A fixed exchange rate is a regime applied by a government or central bank ties the country's currency official exchange rate to another country's currency or the price of gold. The purpose of a fixed exchange rate system is to keep a currency's value within a narrow band.
Fixed Exchange Rate
Fixed Exchange Rate Explained
Fixed rates provide greater certainty for exporters and importers. Fixed rates also help the government maintain low inflation, which, in the long run, keep the interest rates down and stimulates trade and investment.
Most major industrialized nations have had floating exchange rate systems, where the going price on the foreign exchange market (forex) sets its currency price. This practice began for these nations in the early 1970s while developing economies continue with fixed rate systems.
- The purpose of this system is to keep a currency's value within a narrow band.
- Fixed exchange rates provide greater certainty for exporters and importers, and helps the government maintain low inflation.
- Many industrialized nations began using the system in the early 1970s.
Fixed Exchange Rate Bretton Woods Background
From the end of World War II to the early 1970s, the Bretton Woods Agreement pegged the exchange rates of participating nations to the value of the U.S. dollar, which was fixed to the price of gold.
When the United States' postwar balance of payments surplus turned to a deficit in the 1950s and 1960s, the periodic exchange rate adjustments permitted under the agreement ultimately proved insufficient. In 1973, President Richard Nixon removed the United States from the gold standard, ushering in the era of floating rates.
The Beginnings of the Monetary Union
The European Exchange Rate Mechanism (ERM) was established in 1979 as a precursor to monetary union and the introduction of the euro. Member nations, including Germany, France, the Netherlands, Belgium, Spain, and Italy, agreed to maintain their currency rates within plus or minus 2.25% of a central point.
The United Kingdom joined in October 1990 at an excessively strong conversion rate and was forced to withdraw two years later. The original members of the euro converted from their home currencies at their then-current ERM central rate as of Jan. 1, 1999. The euro itself trades freely against other major currencies while the currencies of countries hoping to join trade in a managed float known as ERM II.
Disadvantages of Fixed Exchange Rates
Developing economies often use a fixed-rate system to limit speculation and provide a stable system. A stable system allows importers, exporters, and investors to plan without worrying about currency moves.
However, a fixed-rate system limits a central bank's ability to adjust interest rates as needed for economic growth. A fixed-rate system also prevents market adjustments when a currency becomes over or undervalued. Effective management of a fixed-rate system also requires a large pool of reserves to support the currency when it is under pressure.
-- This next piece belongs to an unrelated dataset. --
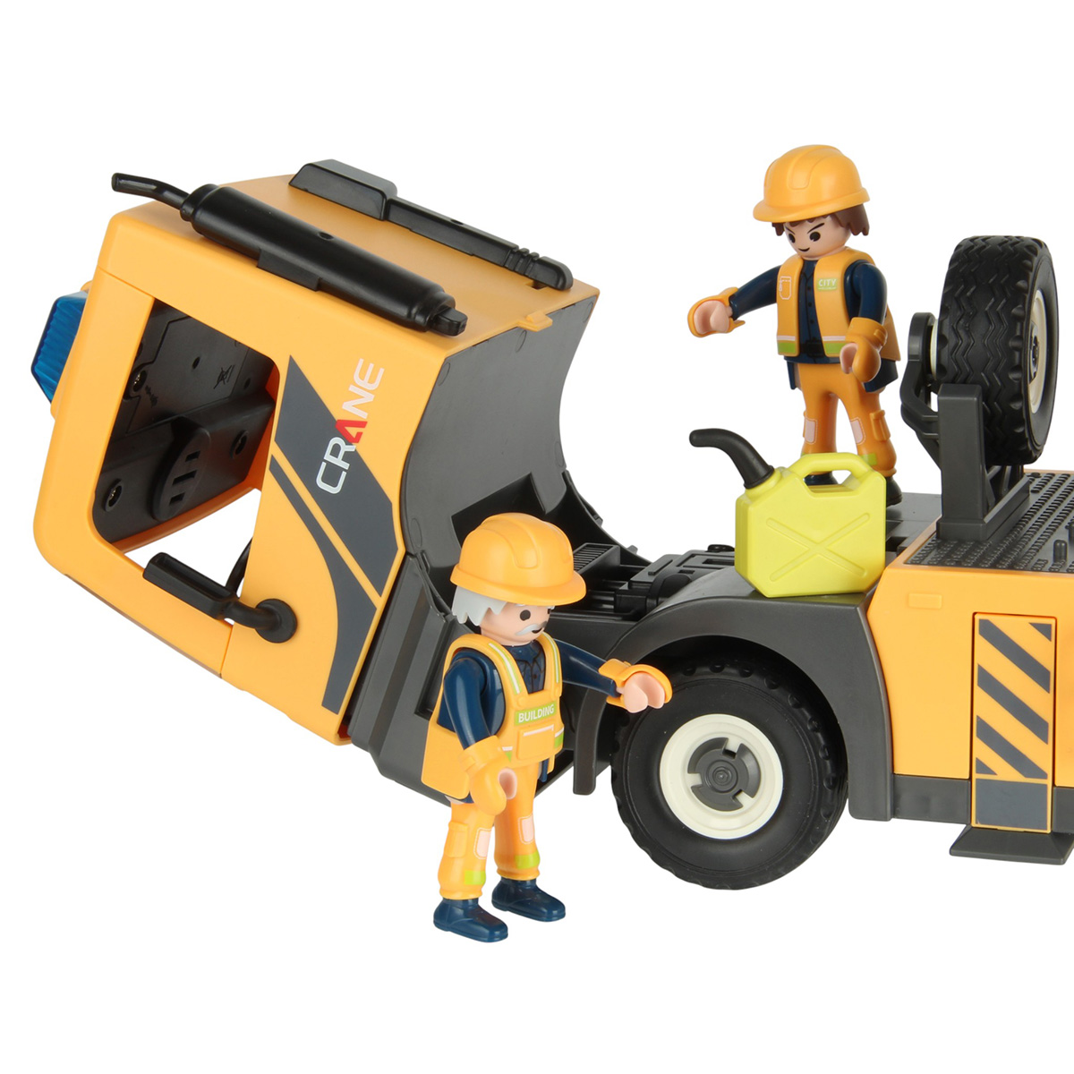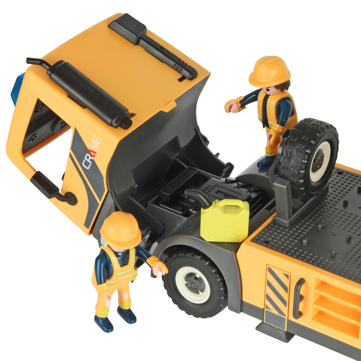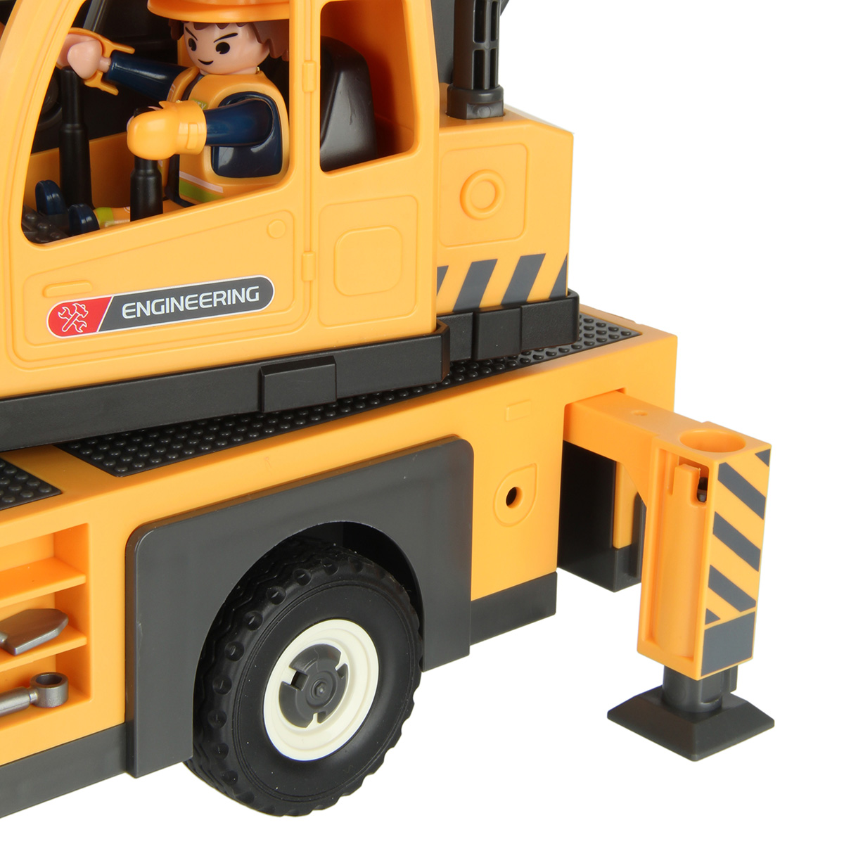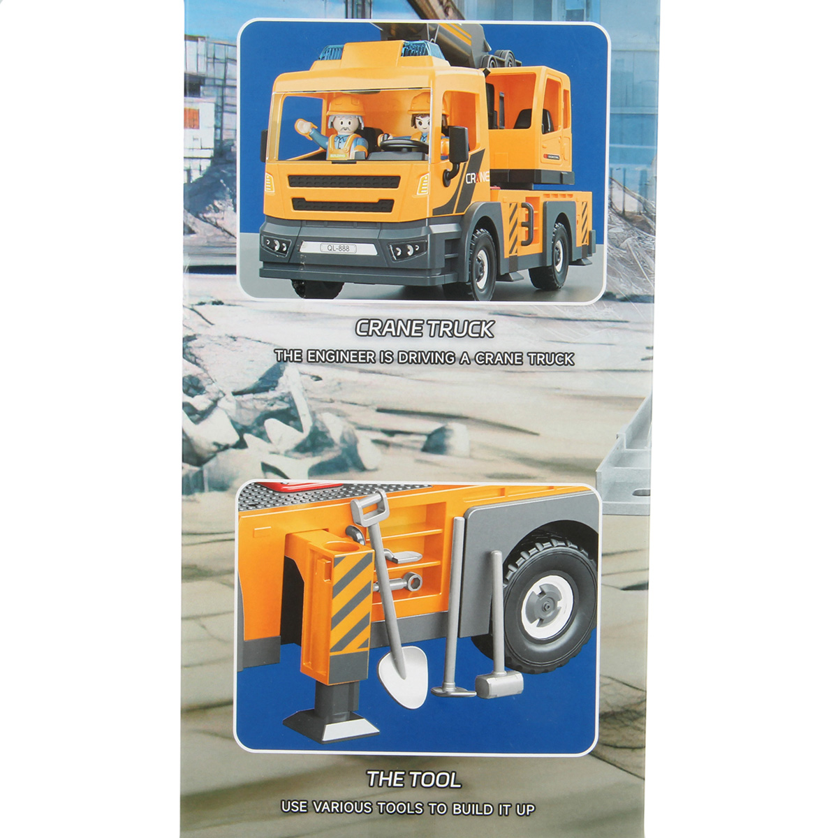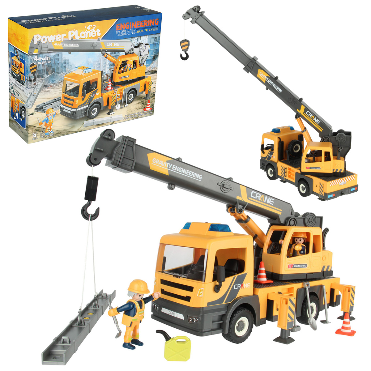 Детали для сборки строительной машинки крана, детали для сборки 2 фигурок строителей, детали для сборки веревки для крепления грузов с 2 крючками, 2 строительные балки, 2 конуса, молоток, 3 лопаты, строительный лом из 2 частей, гаечный ключ, канистра для топлива, набор наклеек, инструкция на английском языке.

An unrealistic official exchange rate can also lead to the development of a parallel, unofficial, or dual, exchange rate. A large gap between the official and unofficial rates can divert hard currency away from the central bank, which can lead to forex shortages and periodic large devaluations. These can be more disruptive to an economy than the periodic adjustment of a floating exchange rate regime.
Real World Example of a Fixed Exchange Rate
In 2018, according to BBC News, Iran set a fixed exchange rate of 42,000 rials to the dollar, after losing 8% against the dollar in a single day. The government decided to remove the discrepancy between the rate traders used—60,000 rials—and the official rate, which at the time was 37,000.